Here’s how our hypothetical bets did through the round of 64. Note that if our implied line matched Vegas’s exactly, we wouldn’t place a hypothetical bet on that game.

A 17-13 record is strong — enough to maybe make some money. More importantly, our model performed well when it differed significantly from Vegas. In seven games, marked in gray above, our model had a perceived edge of three points or more — a sizable gap in forecasting between the two basketball forecasts. In these games, our bets went 5-2.

After the round of 64, things didn’t go so great:

Through these last 31 games, our spreads tracked Vegas very closely. We disagreed on the favorite just once (correctly picking Notre Dame to beat Wichita State), and there were no games where our perceived edge was three points or greater. In 21 games, our edge was half a point to a point, a relatively small advantage to place actual money on. Luckily we didn’t, as these hypothetical bets went 6-15. When our perceived edge was greater than a point, our bets went 3-3. That gave us an overall March Madness record of 26-31, with 10 no bets.

Betting against Vegas is great, but we’re aware that many of our readers stopped looking at our forecasts the moment they turned in their bracket. This means that the performance of our first, pre-tourney predictions was especially important.

If you built a men’s bracket using only FiveThirtyEight’s initial numbers, you would have gotten 70 percent of the games correct. It’s hard to tell if we should be happy with that number — it’s certainly not going to impress sammyholtz16 or anyone else on top of the ESPN Bracket Challenge leaderboard. A better way to assess probabilistic forecasts is a calculation known as a Brier score, which we can use to compare ourselves to other models like Ken Pomeroy’s, Jeff Sagarin’s,² The Power Rank, ESPN BPI, and numberFire.

A short, but still mathy, example of how Brier scores work: Our initial predictions gave No. 6 seed Xavier a 26.5 percent chance of advancing to the Sweet 16, while Ken Pomeroy’s log5 model gave them a 24.8 percent chance.³ Xavier did advance, so our Brier score for that event was (1 – 0.265)^2, or 0.54, while Pomeroy scored a 0.57. Being closer to zero is better, so we were (slightly) more accurate for that prediction.

We calculated each model’s average Brier score for each round of the tournament. To benchmark all the results, we added a “chalk” model that assigned a 100 percent probability to the higher seed winning each game.⁴ Here are the results, including an overall average:

FiveThirtyEight came in third, and all the models beat the chalk. Our forecasts started strong, with the lowest Brier score for the round of 64. We assigned the highest probabilities to Georgia State’s and Dayton’s upset chances — 24 and 38 percent, respectively. The Dayton pick — calculated before the play-in games began — was a coup for the geographic component of our calculations: Dayton had a home game against Boise State for its play-in, and then had to travel just a few dozen miles for its round of 64 matchup.

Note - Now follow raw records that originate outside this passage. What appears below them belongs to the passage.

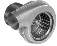
FIG. E A164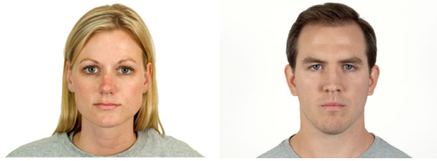
Figure 1. Two examples of the 100 pre-tested photographs retrieved from the Chicago Face Database (Ma et al., 2015) and employed in Studies 1–3.

As a first step, we ran a pre-study to: (1) select 50 photographs each of men and women matched on ratings of competence, dominance, morality, sociability, and attractiveness; and (2) obtain ratings of facial stereotypic qualities to use as independent variables in our studies. We chose the 183 (93 men and 90 women) photographs depicting White faces from the Chicago Face Database (Ma, Correll, & Wittenbrink, 2015), as this is the majority ethnic group in the United Kingdom (where the studies were conducted), and to avoid ethnicity as an additional source of variation (e.g., see Sutherland et al., 2018, on ethnic differences in face perception). The individuals depicted in the photographs had uniformly neutral expressions, and all wore grey t -shirts (see Figure 1).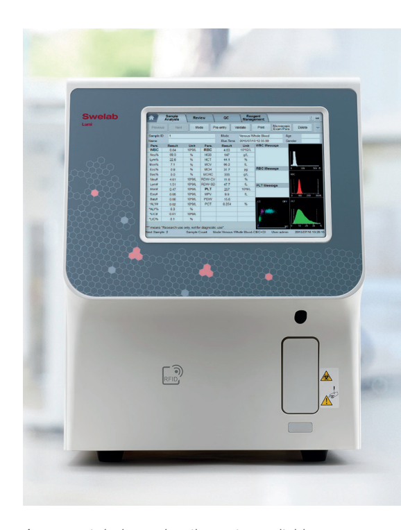
A compact design makes the system suitable for confined spaces.

Swelab Lumi brings you the opportunity to leverage high-quality diagnostics, while keeping costs to a minimum.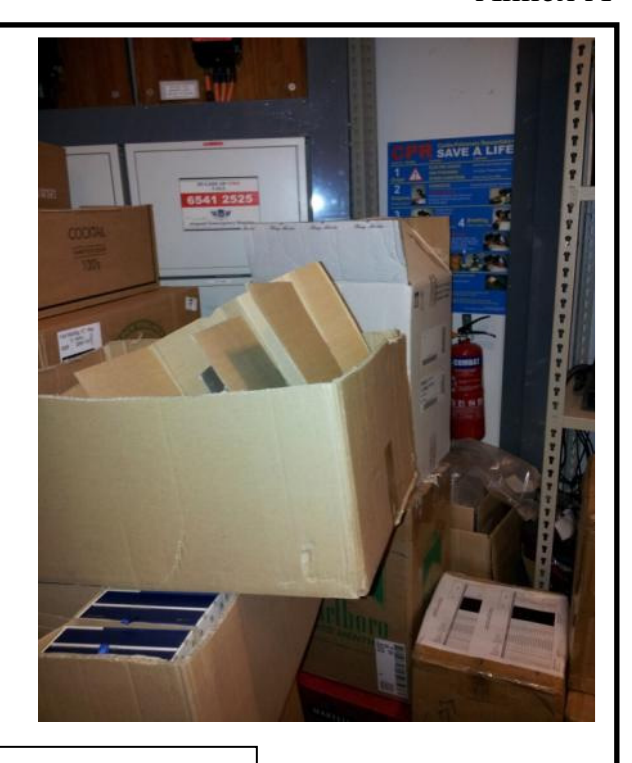
Obstruction to fire extinguisher

Goods placed near MCP may lead to accidental fire alarm activation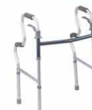
Model No. WL-103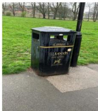
Bin relocated to Sycamore Grove

22. We have also completed some large cutting jobs and fly tipping removals and replaced a number of damaged litter bins.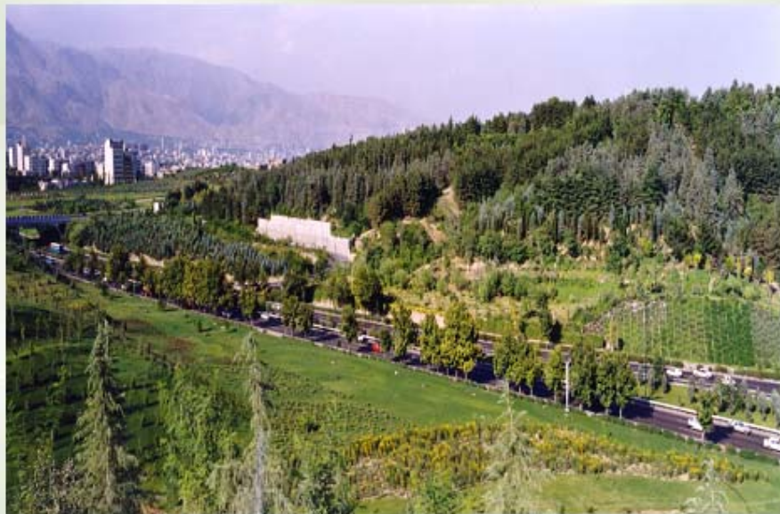
(Tehran, Modarres highway)

Establish a general information bank including the information on international and national responsibilities of the center, list of books, guidelines, textbooks, papers and reports.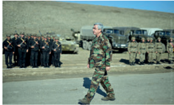
President of Armenia Serzh Sargsyan attends the military exercises in the occupied territories | Photo from www.president.am | 19 November 2015

Office of the Bureau of Criminal Investigation of Armenia initiates criminal cases concerning the death of Armenian soldiers killed in action or in non-combat circumstances in the occupied territories in accordance with the Criminal Code of the Republic of Armenia. 27 The Committee dealing with Armenian prisoners of war and missing persons chaired by the Minister of Defence S. Ohanyan is in charge of repatriation of Armenian prisoners of war. 28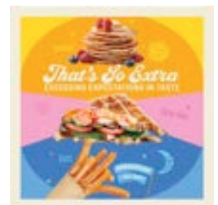
23 That's So Extra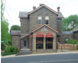
FORMER KILMORE POST OFFICE SOHE 2008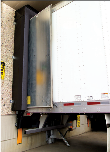
ComboShelter side frames are impactable for long-term durability.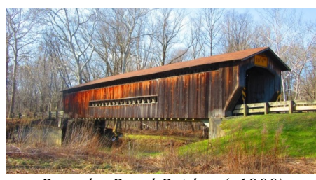
Benetka Road Bridge (c1900)

The base of operations: Ramada Austinburg/Ashtabula, 1860 Ashtabula-Austinburg Rd, Austinburg, Ohio. The group rate is $89.99 per night which comes to $105.96 after taxes. To make a reservation, call the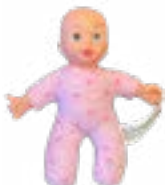
Baby doll purchased at Dollar Tree

Made with PVC Contains antimony (210 ppm)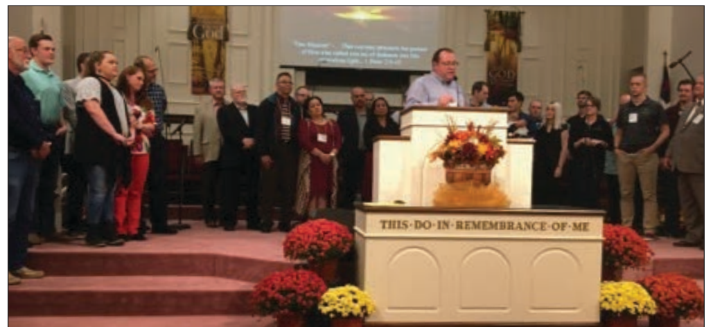
▲ Missionary Commissioning Service

NumberFire came in second, leaning heavily on favorites throughout the tournament. This killed numberFire early on — it gave Iowa State a 96 percent change over UAB — but this confidence paid off as the bracket became chalkier and chalkier. Other models, like Pomeroy’s, consistently underrate the favorites’ probability of winning, leading to weaker Brier scores.

Once Duke started rolling, The Power Rank pulled away. Among the models we looked at, the site gave the Blue Devils the highest probability of advancing to the Sweet 16 (88 percent), Elite Eight (71 percent), Final Four (46 percent), and Championship game (27 percent). Duke was given a 12 percent chance to win the title at the tournament’s start. To compare, our model and numberFire each put Duke at six percent, while BPI had it at just three percent. Given that Duke is traditionally undervalued in bracket pools, fans who built their brackets on The Power Rank’s numbers likely had a pretty good tournament.

WOMEN’S

Vegas might be the gold standard of sports predictions over in the men’s tournament, but unfortunately we couldn’t find a reliable source of betting lines for the women’s NCAA tournament (nor could we find them for any games other than the championship). This year was the first time we made March Madness predictions for the women’s tournament, and we knew there would be less data available for making the women’s model.

Because there’s no major alternative we can use to judge our forecast, we were left with an imperfect measure: Did it do better than if we had just picked favorites? It’s a draw! if you built a women’s bracket using only FiveThirtyEight’s initial numbers, you would have gotten 84 percent of games correct, compared to … 84 percent if only favorites won.

But Brier scores can help settle the tie. Here’s what happened when we compared our probabilistic results to the all-favorites picks.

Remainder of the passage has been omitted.